Das zweite Sparprogramm wird zynisch „Push II“ genannt. Es soll bis 2017 laufen und 260 Millionen Euro Kostenersparnis einbringen. Das Osram-Management begründet die Einschnitte mit dem Wandel in der Branche hin zu moderner Leuchtdioden-Technik (LED). Herkömmliche Halogen- und Energielampen werden zunehmend durch LED-Lampen ersetzt.
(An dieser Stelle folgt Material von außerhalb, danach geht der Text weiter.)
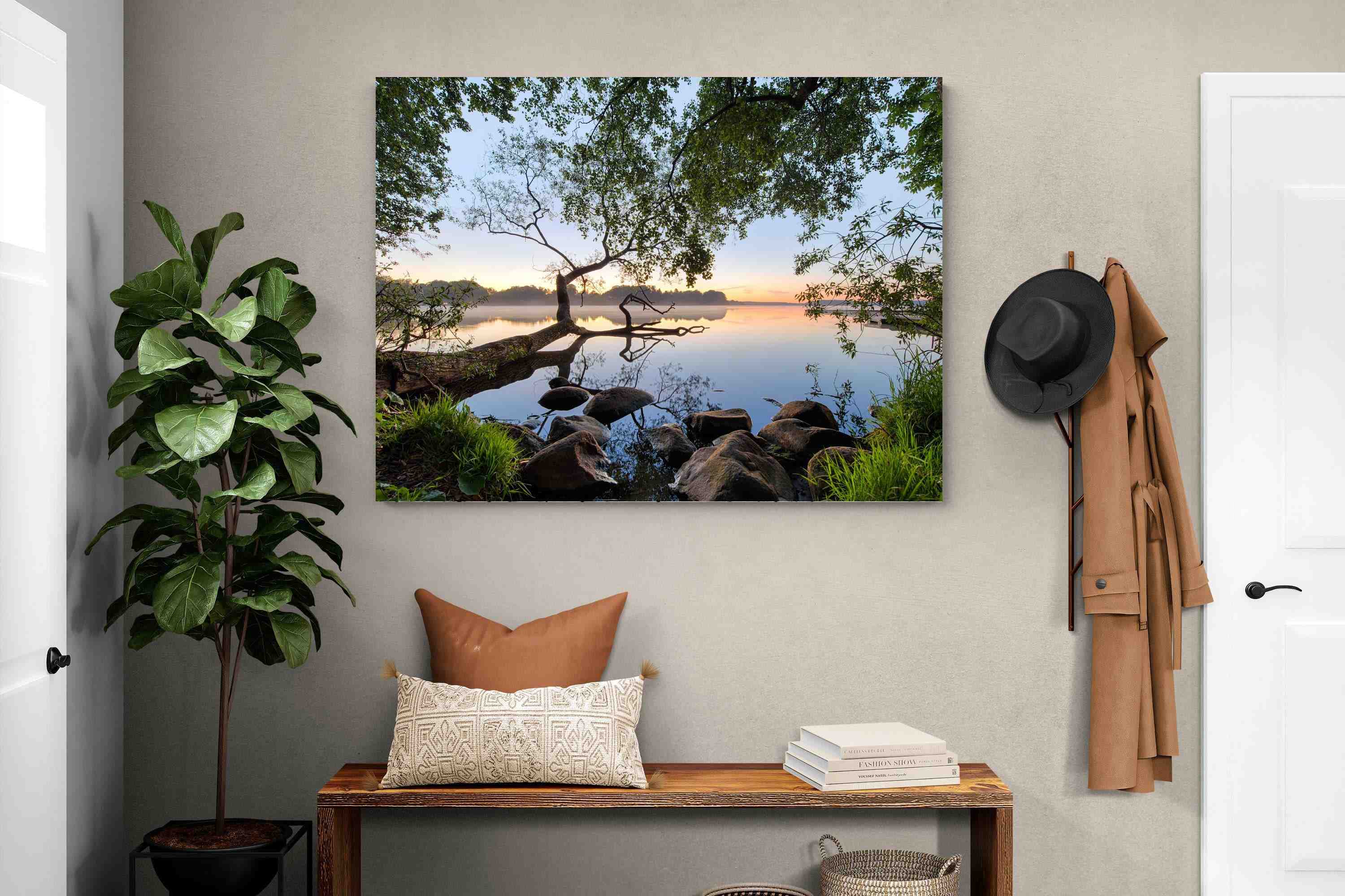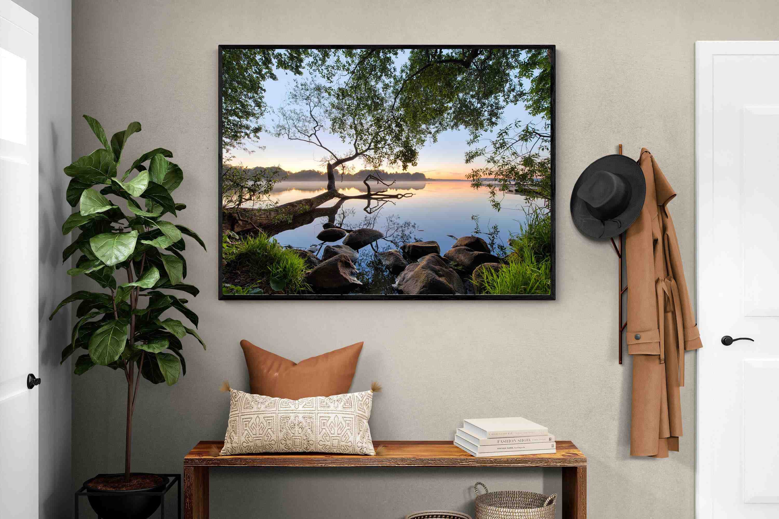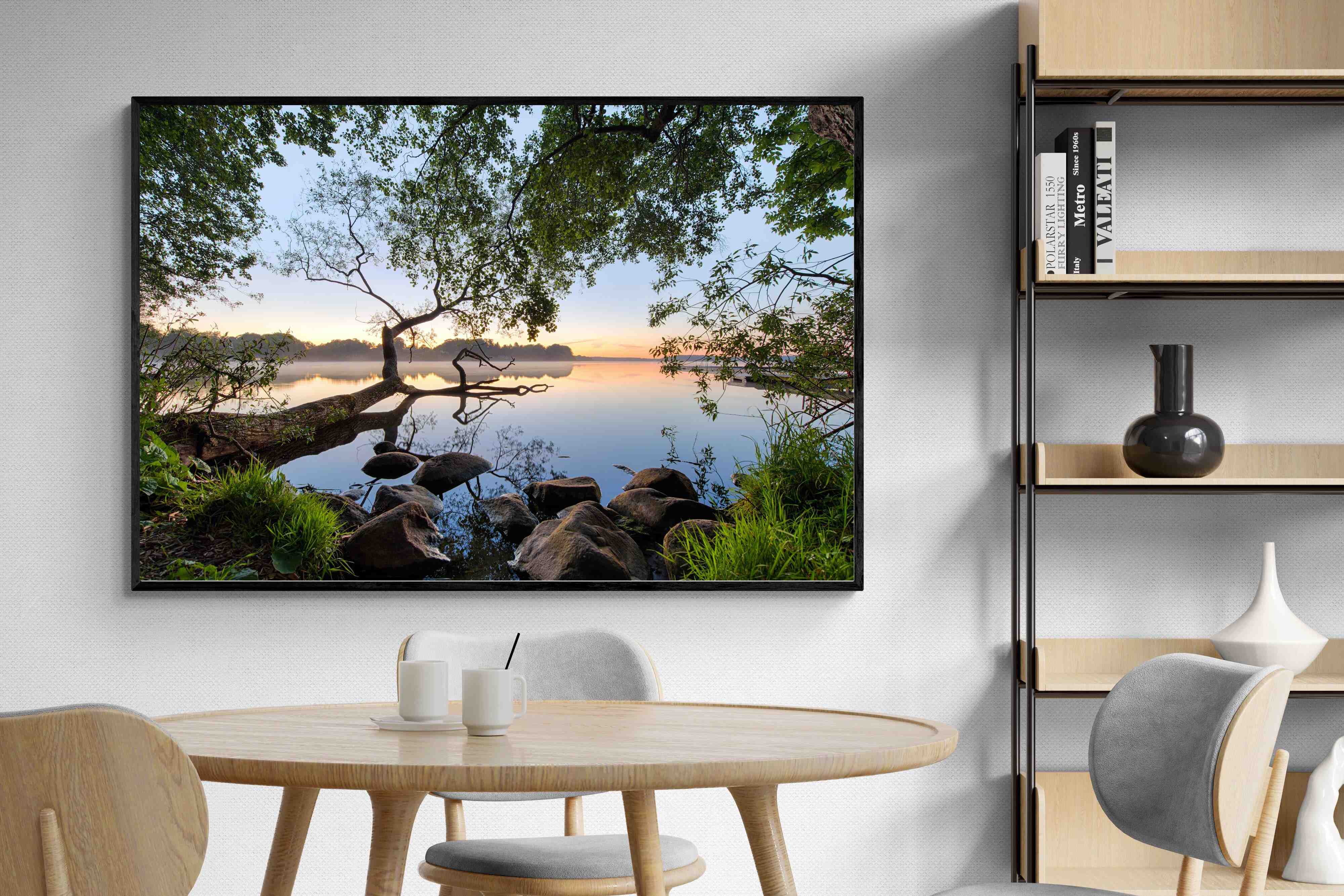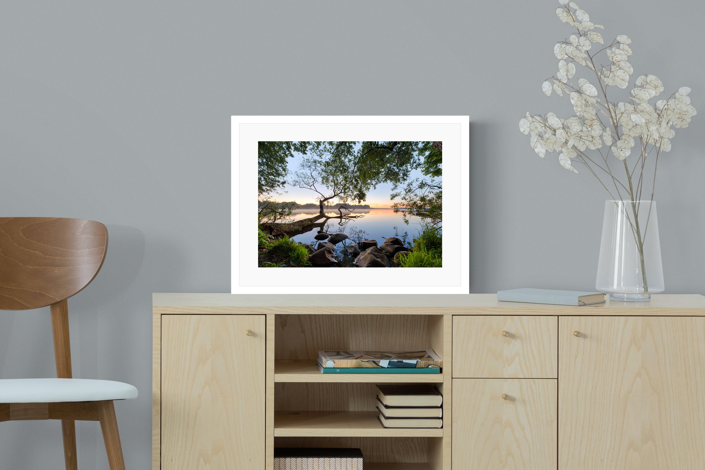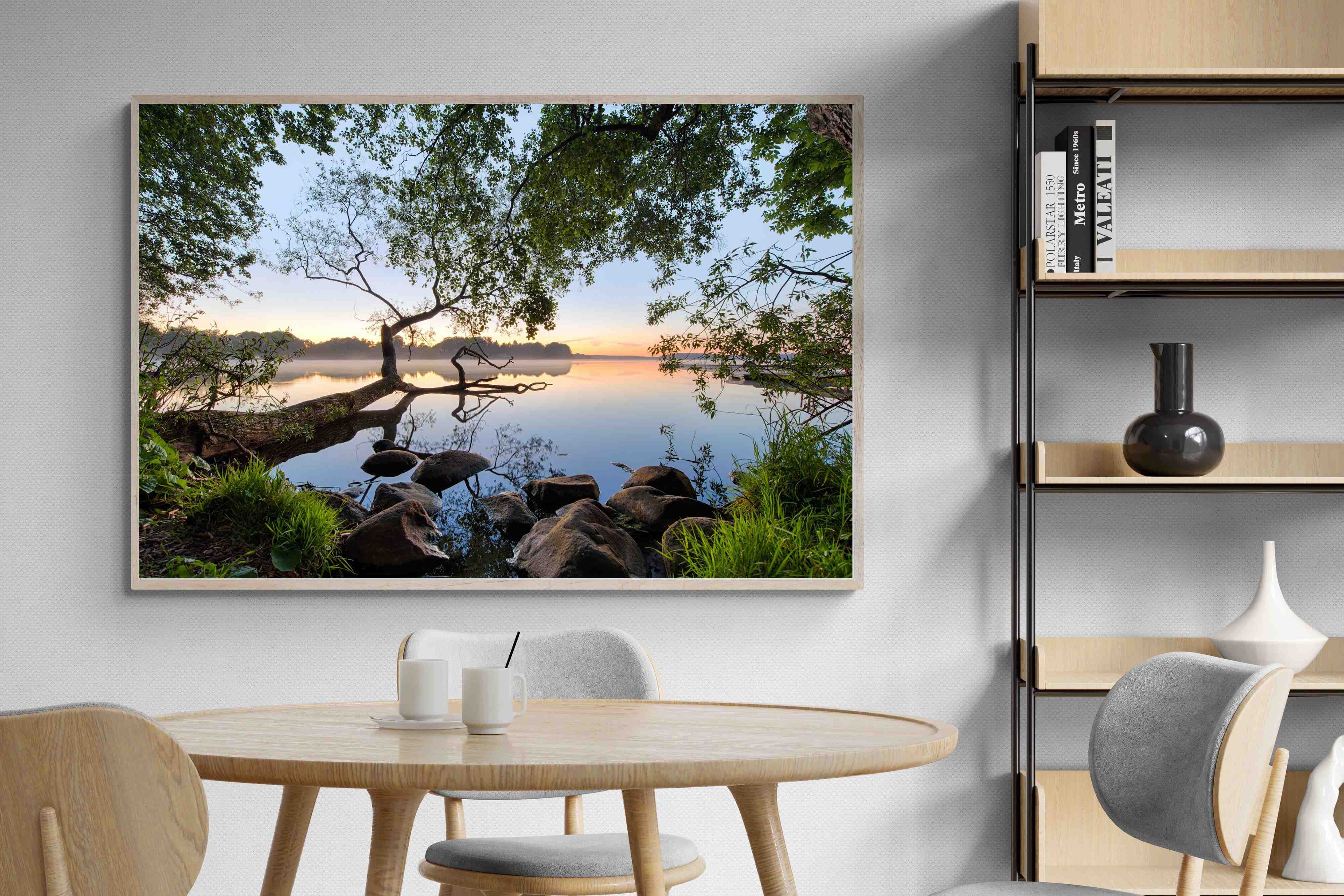 Calm and reflective, this peaceful lakeside scene captures still water, soft light and natural framing from surrounding trees. The gentle tones and balanced composition create a sense of quiet and space. Ideal for bedrooms, offices or relaxation areas, it adds depth, calm and a grounding connection to nature within contemporary interiors.

Die Angriffe auf die Osram-Arbeiter werden daher auch mit der zweiten Entlassungswelle nicht beendet sein, wie bereits jetzt Osramchef Wolfgang Dehen zu verstehen gibt: „Wir werden weitere Anpassungen über die zweite Welle hinaus haben, können die Dimension aber noch nicht absehen.“ An die Aktionäre gerichtet, versicherte Osram-Chef Wolfgang Dehen, die Gewinnmarge von aktuell gut acht Prozent solle unter allen Umständen gehalten werden.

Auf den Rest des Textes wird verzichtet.